2011 Tour could be race's true fresh start

October, 7, 2010

The Tour of California's much-anticipated shift from February to May in 2010 made for better weather, but the overall climate of the race didn't prove to be ideal for a couple of other reasons. First, offseason wildfires and flooding damaged roads and forced organizers to change the start city and route for the queen stage up to Big Bear. Then, the narrative of the race was overtaken by Floyd Landis' confession and allegations against former teammate Lance Armstrong and others. HTC-Columbia's Michael Rogers of Australia won by a scant 9 seconds, breaking the American stranglehold on the title.

In a sense, the 2011 edition could be the true fresh start organizers craved. After years of wistful talk, the race will finally visit the high-altitude resort area of Lake Tahoe. There are some familiar way stations along the eight-day route, and the Solvang time trial is back after a one-year absence. Andrew Messick, president of race presenter AEG Sports, said decisive climbs will be placed closer to the finish of stages, answering the traditional criticism from riders and fans. And the zigzag road up to Mount Baldy in the San Gabriel mountains north of the Los Angeles metropolis should provide the most challenging finish in the six-year history of the race.

Once again, the race will conflict with the Giro d'Italia, but it will be an appealing part of Tour de France lead-up for some top contenders and will form part of a more sensible calendar for American teams and riders. The U.S. national road championships will take place just a week after the Tour of California ends, and some domestic teams will go on to Philadelphia the week after the racing in South Carolina.
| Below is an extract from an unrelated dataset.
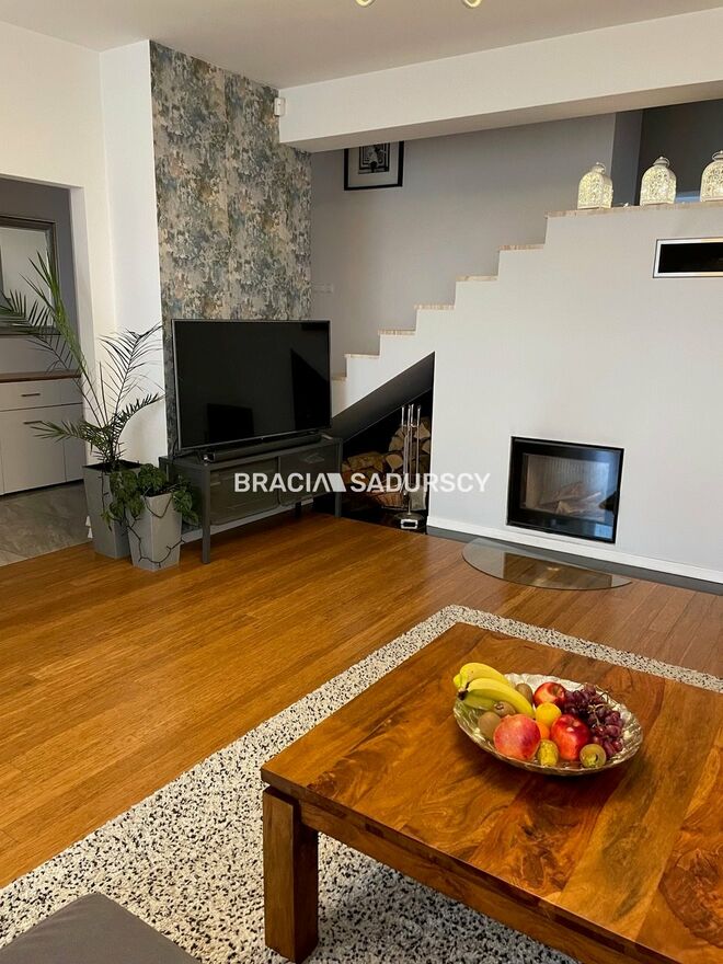 Salon z kominkiem, tworzący przytulną atmosferę - idealny na chłodniejsze wieczory

Here are the stage starts and finishes and some preliminary analysis. The final route won't be announced until December or January:

Stage 1, Sunday May 15: South Lake Tahoe to North Lake Tahoe (Northstar-at-Tahoe Resort)
A picturesque circuit around the lake with a short uphill finish. Might not be suited to pure sprinters.

Stage 2, Monday, May 16: North Lake Tahoe (Squaw Valley) to Sacramento
Sprint finish is dictated here. Here's hoping it won't result in the demolition derby that ensued this year.

Stage 3, Tuesday, May 17: Auburn to Modesto
Another day for the sprinters.

Stage 4, Wednesday, May 18: Livermore to San Jose
Expect lots of climbing in this stage and a possible finish in the foothills on the outskirts of San Jose as opposed to downtown. Could separate the overall contenders from the pack.

Stage 5, Thursday, May 19: Seaside to Paso Robles
Should include a significant stretch down spectacular -- and windy -- Highway 1, but without route details, it's hard to speculate on how tough this day will be. The only certainty is that it will be long.

Stage 6, Friday, May 20: Solvang individual time trial
The Solvang time trial that was a key factor in Levi Leipheimer's three wins (2007-09) has returned, and the rolling route through "Sideways" wine country will be extended by an as-yet-unannounced distance. The little faux-Scandinavian hamlet has always done a great job of making the day a party experience for fans, and that should be doubly true in its 100th anniversary year.

Stage 7, Saturday, May 21: Claremont to Mount Baldy
If the race goes all the way to the top, the last 4.5 miles will feature 18 switchbacks and an average gradient of 10 percent. Organizers think this road won't be as vulnerable to the fall/winter elements as the way to Big Bear. Looks as if the race finally has itself a difference-maker. Amateurs will be able to ride the route several weeks before in an event similar to "L'Etape du Tour," a Tour de France tradition.

Stage 8, Sunday, May 22: Santa Clarita to Thousand Oaks
Will retrace the peloton's path over some of the tough terrain of this year's circuits in the canyons above Malibu, but the finish appears to be headed to the flatter roads near title sponsor Amgen's headquarters.

One footnote: If you click on the Tour of California website, it's hard not to notice that Armstrong's image still dominates the top of the page, but AEG Sports spokesman Michael Roth said nothing should be read into that -- "It's left over from last year," he said. "We haven't got our new key art yet."

Armstrong, 39, has not formally retired, but he has not raced professionally since the Tour de France in July and is one of the subjects of a wide-ranging federal investigation into doping and fraud in cycling. He remains under contract to RadioShack for next year, but has given no indication of whether he will compete in road races or other endurance events.